#### The task:
Restate the lines of the material below word for word, from the first through the one containing "2. Zawór termostatyczny", and include nothing else; pictures stay out.
[Source material Boundary: Start]
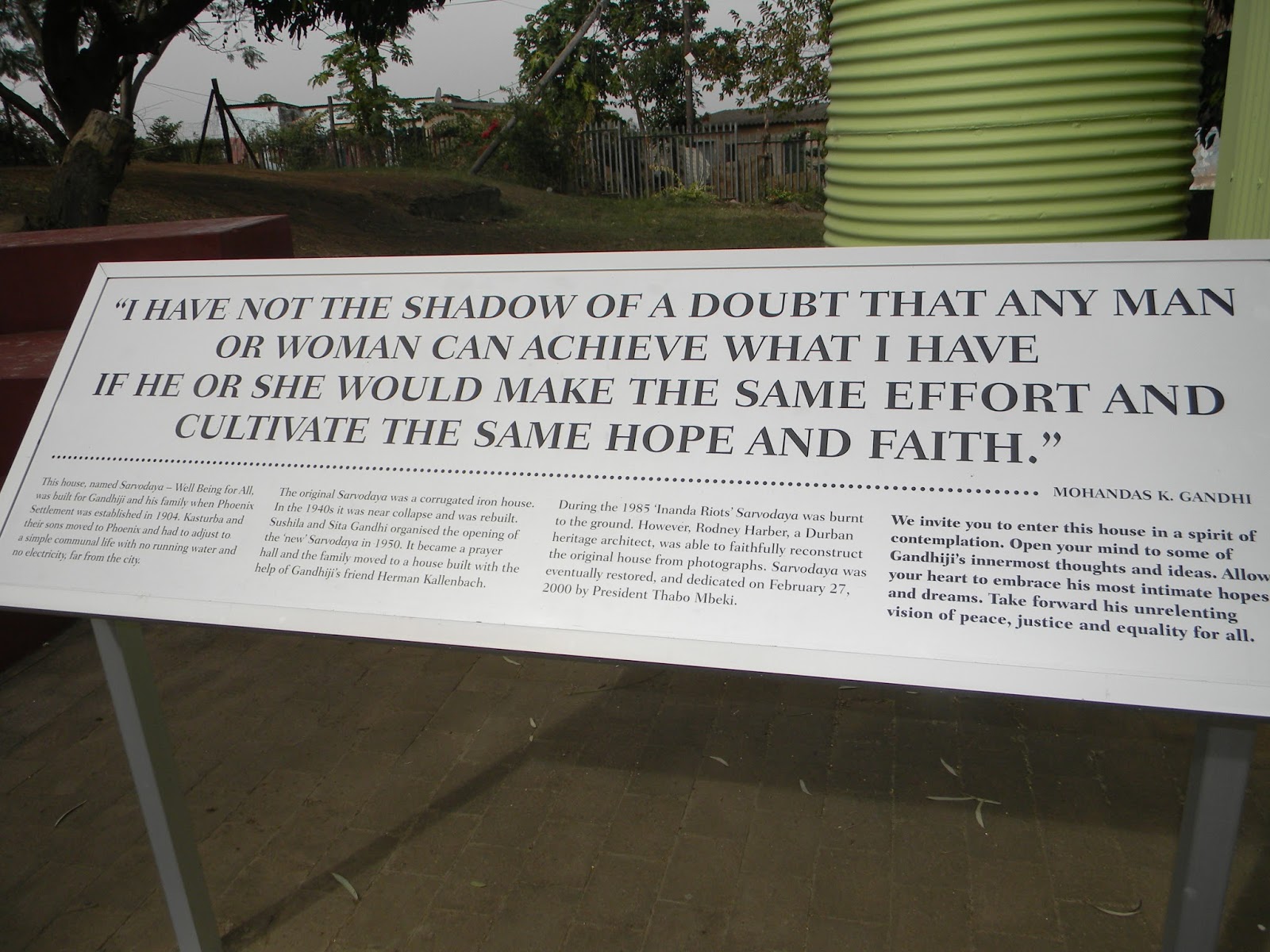 Gandhi spent 21 years in South Africa, where his experiences shaped him into the legacy we know today. He initially went to South Africa as a new lawyer, on an assignment, but was so appalled by the racism and injustice he saw there, that he decided to stay, building his home and practices of nonviolence. After being thrown out of a train en route to Johannesburg simply for being a man of color, he started building his philosophy of Satyagraha, or nonviolent resistance. In Durban, we visited Sarvodaya, his original home, which was destroyed during apartheid, then rebuilt.
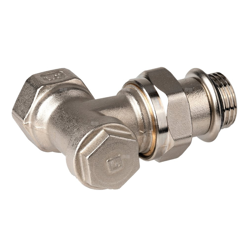 2. Zawór termostatyczny z wkładką SX, kątowy, przyłącze 1/2". Korpusy z gwintami wewnętrznymi i złączką do grzejnika z uszczelnieniem miękkim
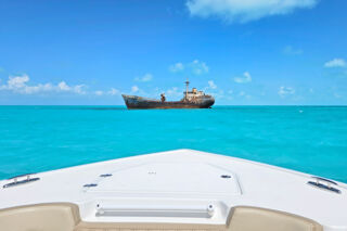 The tiny Invincible freighter near Molasses Reef and West Caicos is a wreck that sits on a shallow reef and shoal. It supports a large number of seabirds.
[Source material Boundary: End]
#### Exercise output:
 Gandhi spent 21 years in South Africa, where his experiences shaped him into the legacy we know today. He initially went to South Africa as a new lawyer, on an assignment, but was so appalled by the racism and injustice he saw there, that he decided to stay, building his home and practices of nonviolence. After being thrown out of a train en route to Johannesburg simply for being a man of color, he started building his philosophy of Satyagraha, or nonviolent resistance. In Durban, we visited Sarvodaya, his original home, which was destroyed during apartheid, then rebuilt.
 2. Zawór termostatyczny z wkładką SX, kątowy, przyłącze 1/2". Korpusy z gwintami wewnętrznymi i złączką do grzejnika z uszczelnieniem miękkim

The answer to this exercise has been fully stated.